Kekurangan pasokan dolar ke pasar Indonesia ini akan mengulangi kejadian tahun 2018 waktu kurs rupiah ke dolar AS mencapai Rp 15.300 - karena supply dolar minus 10 miliar dolar AS.
Sekarang ini potensi kekurangan pasokan dolar untuk tahun 2020 diperkirakan melebihi tahun 2018. Thus, kurs rupiah akan tertekan atau terpuruk. Inilah awal krisis keuangan yang akan menyeret atau menggoyahkan pasar modal.
Jurus mabok utang ala Menkeu Sri Mulyani tampaknya sudah tidak mujarab lagi. Sudah tumpul dan berbahaya. Investor asing mulai ragu-ragu membeli Surat Utang Negara (SUN). Logikanya kurs rupiah akan terpuruk lebih parah, tapi untungnya bunga dolar diturunkan dan ada pelonggaran dolar oleh pemerintah USA atau The Fed sehingga keperkasaan dolar menurun.
Investor asing di Indonesia yang akan kabur juga “mengatur” ritme kurs rupiah agar tidak terlalu jatuh, agar mereka tidak terlalu rugi. Tanpa “bantuan” dua faktor ini, kurs rupiah terjungkal parah.

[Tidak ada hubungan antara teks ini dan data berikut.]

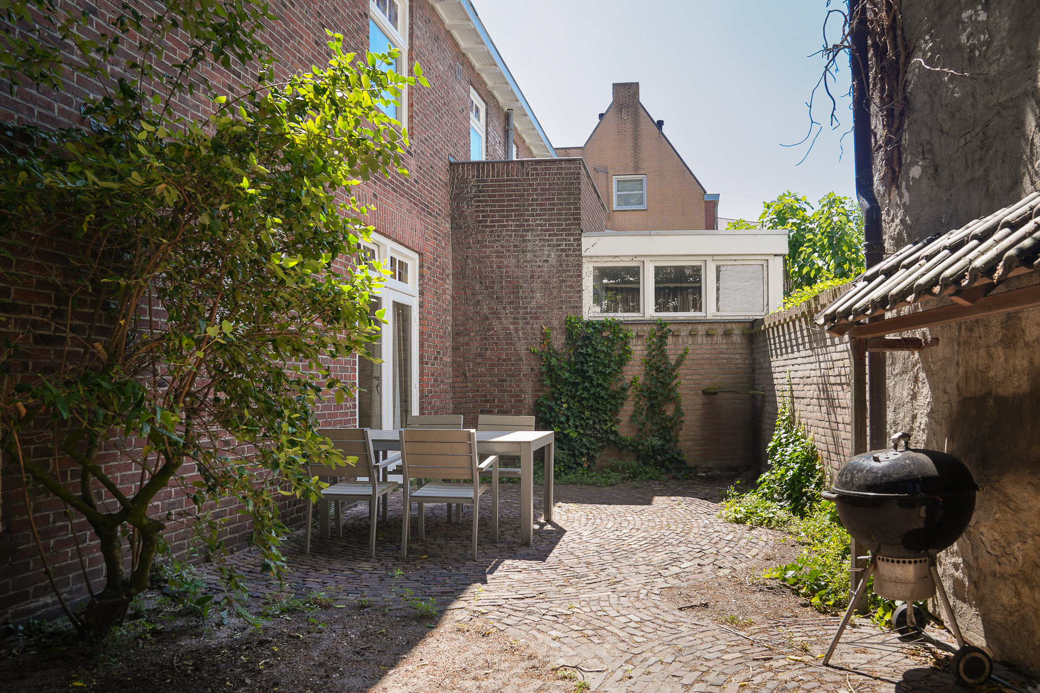 Er is een achtertuin met middag- en avondzon.

Kabarnya, selama Januari dan Februari tahun ini mayoritas SUN dibeli oleh BI, sebesar Rp 70 triliun. Terima kasih kepada BI sebab sumber lain seperti dana pensiun dan asuransi serta dana haji sudah kering, sudah disedot SUN sebelumnya. Dipakai untuk berbagai macam target tertentu seperti proyek infrastruktur.
Dengan bantuan BI tadi, APBN “selamat” meski defisitnya melampaui targetnya. Saya tidak bisa membayangkan bila BI tidak membeli SUN itu. Pastilah terjadi krisis APBN.
Begitu juga utangnya. Bisa gagal bayar. Lebih-lebih tahun 2020 ini sekitar Rp 426 triliun utang yang jatuh tempo. Maklum utang yang jatuh tempo dibayar dengan utang baru.
Celakanya, penerimaan pajak Januari-Februari 2020 lebih rendah dari periode yang sama tahun 2019, padahal ekonomi katanya masih tumbuh 5 persen.
Sulit bagi saya menjelaskan ini karena dari pengalaman lalu-lalu, yang normal, seharusnya penerimaan pajak naik 2-3 kali lipatnya pertumbuhan ekonomi. Ini kok malah turun ya?
Makanya dulu-dulu kalau pertumbuhan ekonomi 6-7 persen, penerimaan pajak naik 15-20 persen.
Karena penerimaan pajak turun, belanja APBN juga turun.
Januari 2020, belanja APBN 9,1 persen di bawah belanja Januari 2019. Nah bila sudah tampak ekspor turun, belanja negara turun, investasi asing (FDI dan PORTOFOLIO) berpotensi turun, manufakturing menciut dan PHK mencuat, most likely menimbulkan penurunan demand.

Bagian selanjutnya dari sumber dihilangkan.